↓

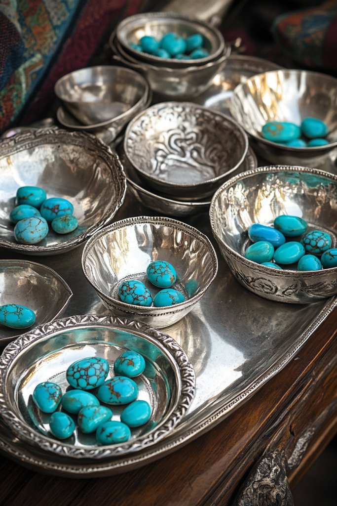 Imagine a vintage silver tray with turquoise inlays sitting on a sideboard, holding a collection of regional jewelry-inspired trinkets. Nearby, a turquoise-studded bowl or a silver-framed mirror reflects the warm glow of ambient lighting. The worn patina of silver contrasts beautifully with the vibrant blue of turquoise, creating a layered, textured look. These elements evoke old trading posts and desert landscapes, adding a sense of history and craftsmanship.
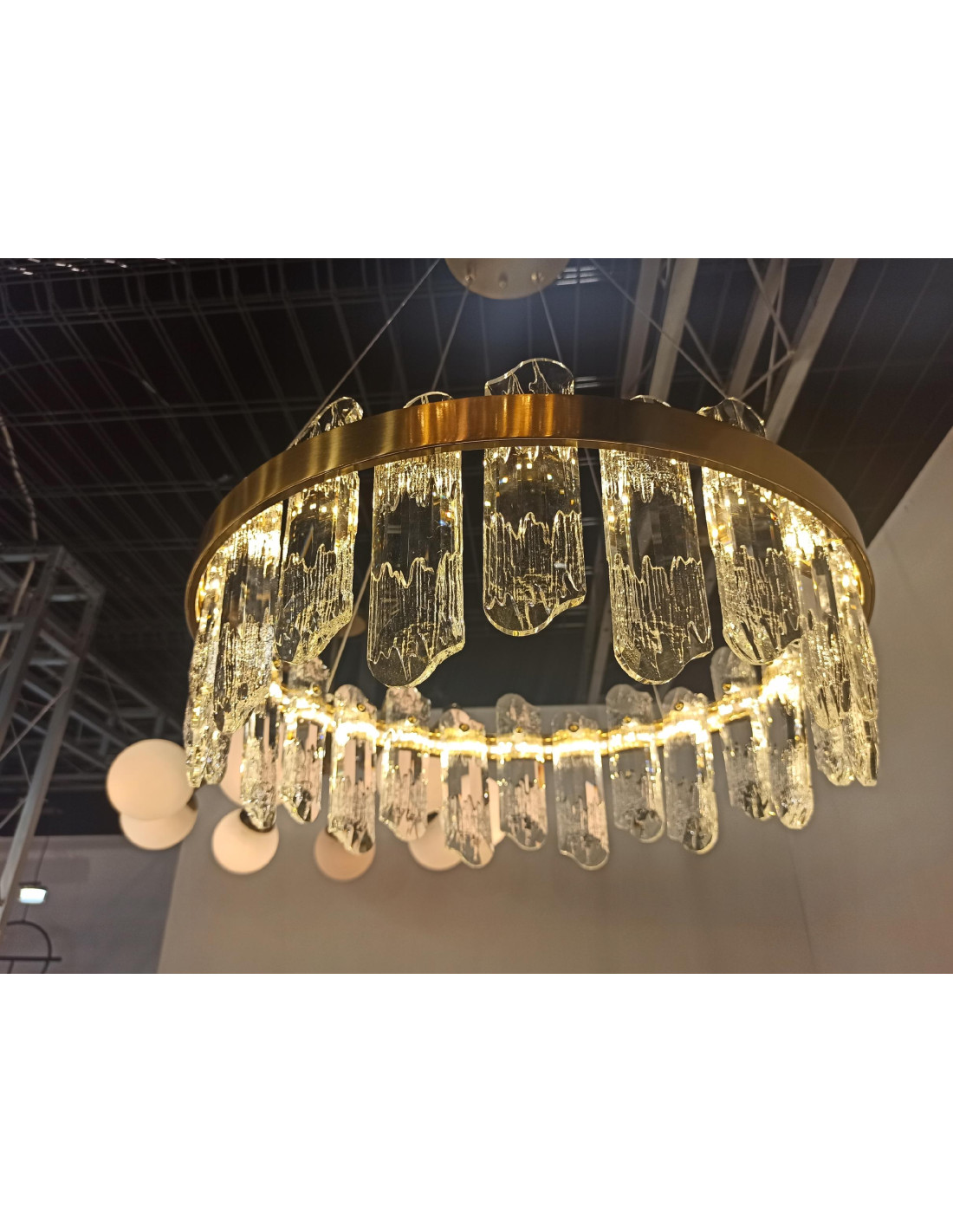 Projekt tej lampy wyróżnia się niezwykłą finezją, gdzie dwa okręgi o różnej średnicy zostały połączone w sposób, który przyciąga wzrok i zapewnia efektowną atmosferę. Kryształowe akcenty w połączeniu z metalową konstrukcją tworzą zjawiskowe źródło światła, które dodaje przestrzeni elegancji i charakteru. Lampy te zdobyły liczne nagrody na targach oświetleniowych, co świadczy o ich wysokiej jakości i atrakcyjnym designie.
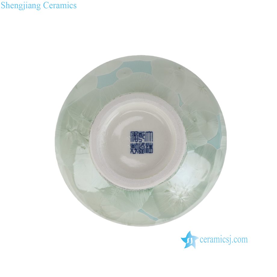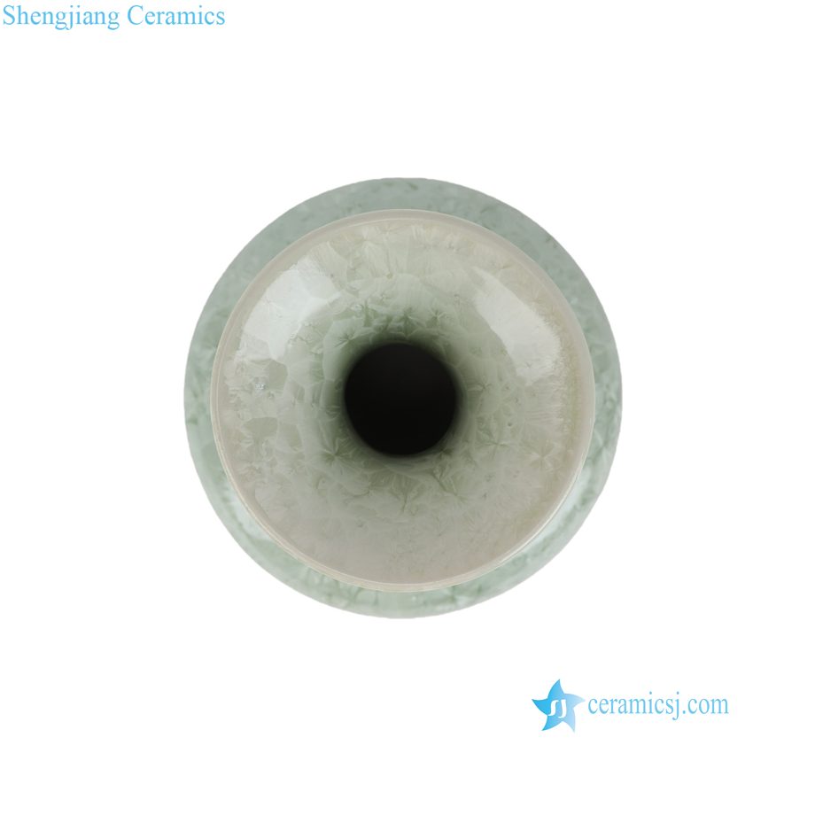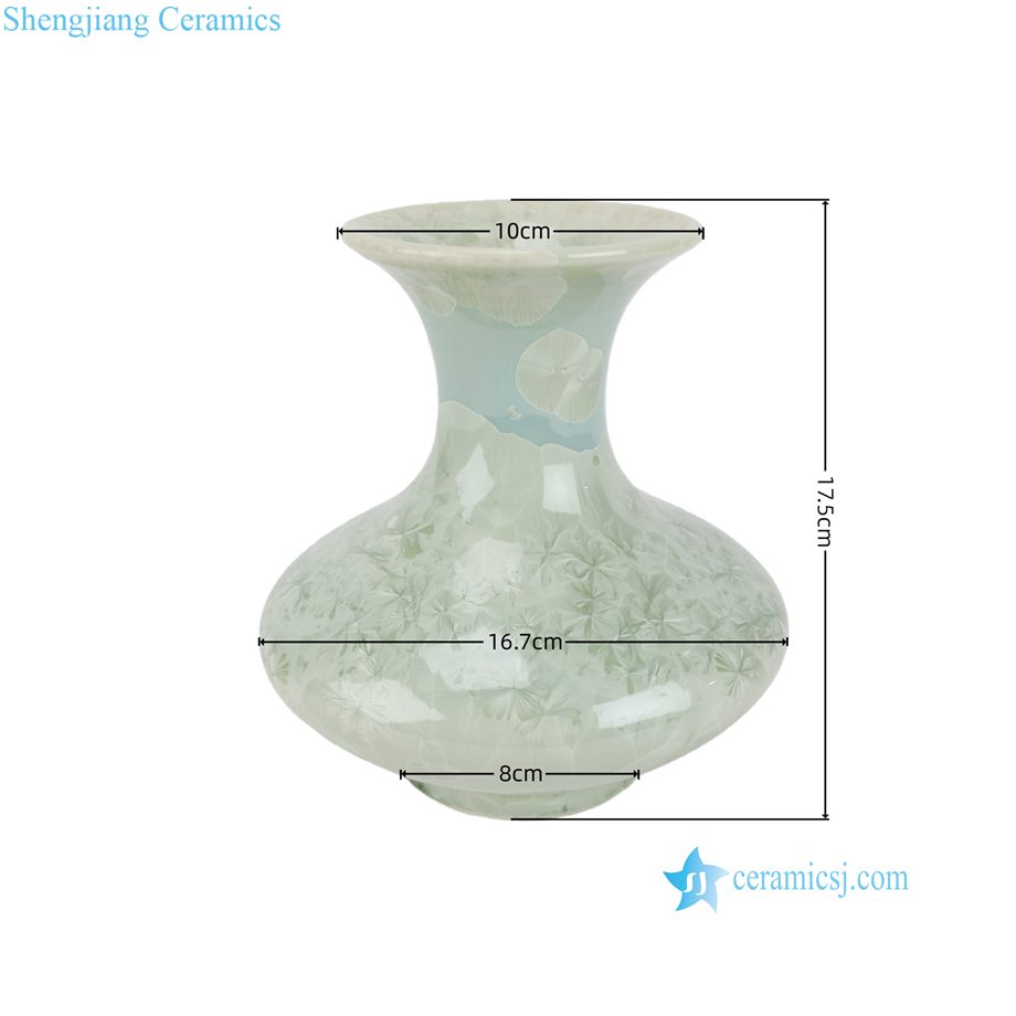 RYYH10-A Jingdezhen Celadon Porcelain Flattened Bulbous Vase with 3D Crystal Flower Glaze

↑

■ Task prompt: Everything in the listing must be copied exactly except the pictures.

■ Solution to this exercise:
 Imagine a vintage silver tray with turquoise inlays sitting on a sideboard, holding a collection of regional jewelry-inspired trinkets. Nearby, a turquoise-studded bowl or a silver-framed mirror reflects the warm glow of ambient lighting. The worn patina of silver contrasts beautifully with the vibrant blue of turquoise, creating a layered, textured look. These elements evoke old trading posts and desert landscapes, adding a sense of history and craftsmanship.
 Projekt tej lampy wyróżnia się niezwykłą finezją, gdzie dwa okręgi o różnej średnicy zostały połączone w sposób, który przyciąga wzrok i zapewnia efektowną atmosferę. Kryształowe akcenty w połączeniu z metalową konstrukcją tworzą zjawiskowe źródło światła, które dodaje przestrzeni elegancji i charakteru. Lampy te zdobyły liczne nagrody na targach oświetleniowych, co świadczy o ich wysokiej jakości i atrakcyjnym designie.
 RYYH10-A Jingdezhen Celadon Porcelain Flattened Bulbous Vase with 3D Crystal Flower Glaze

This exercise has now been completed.